■ EXERCISE OBJECTIVE: Omit every picture, and retype the lines that run from the beginning of the data below through the line containing "ごはん、かき玉汁、にこみハン", inclusive.

■ DATA SECTION:
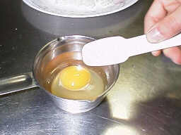 卵に塩加えて、解きほぐします。解き加減は問いません。少なくとも、塩が分散する程度には、解きます。 |
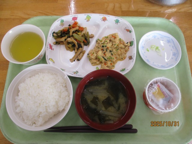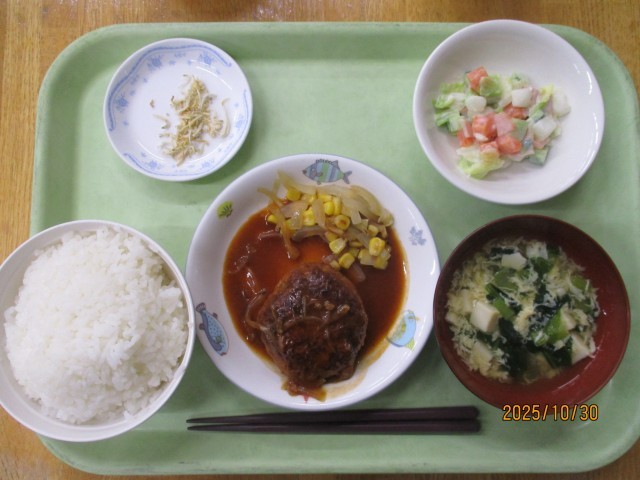 ごはん、かき玉汁、にこみハンバーグ、マセドアンサラダ、コーンソテー、あまじゃっこ
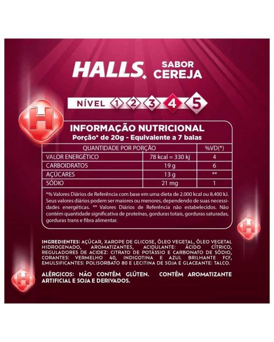 CaracterísticasHalls é bala mais consumida do Brasil! Sua formulação possui mentol, que garante uma poderosa sensação de refrescância e respiração profunda, para você se sentir pronto para encarar qualquer desafio. Disponível em deliciosos sabores, Halls é a bala perfeita para o dia-a-dia e também para momentos de curtição com a galera. Sua embalagem é prática e fácil de carregar no bolso ou na mochila para ter Halls sempre com você!- Sabor: Cereja- 28g- Ingredientes: Açúcar, xarope de glicose, óleo vegetal, óleo vegetal hidrogenado, aromatizantes, acidulante ácido citrico, reguladores de acidez: citrato de potassio e carbonato de sodio, corantes: vermelho 40, indigotina e azul brilhante FCF, emulsificantes: polisorbato 80 e lecitina de soja e glaceante talco.* As especificações podem ser alteradas sem aviso prévio** Imagem meramente ilustrativa.

■ EXERCISE SOLUTION:
 卵に塩加えて、解きほぐします。解き加減は問いません。少なくとも、塩が分散する程度には、解きます。 |
 ごはん、かき玉汁、にこみハンバーグ、マセドアンサラダ、コーンソテー、あまじゃっこ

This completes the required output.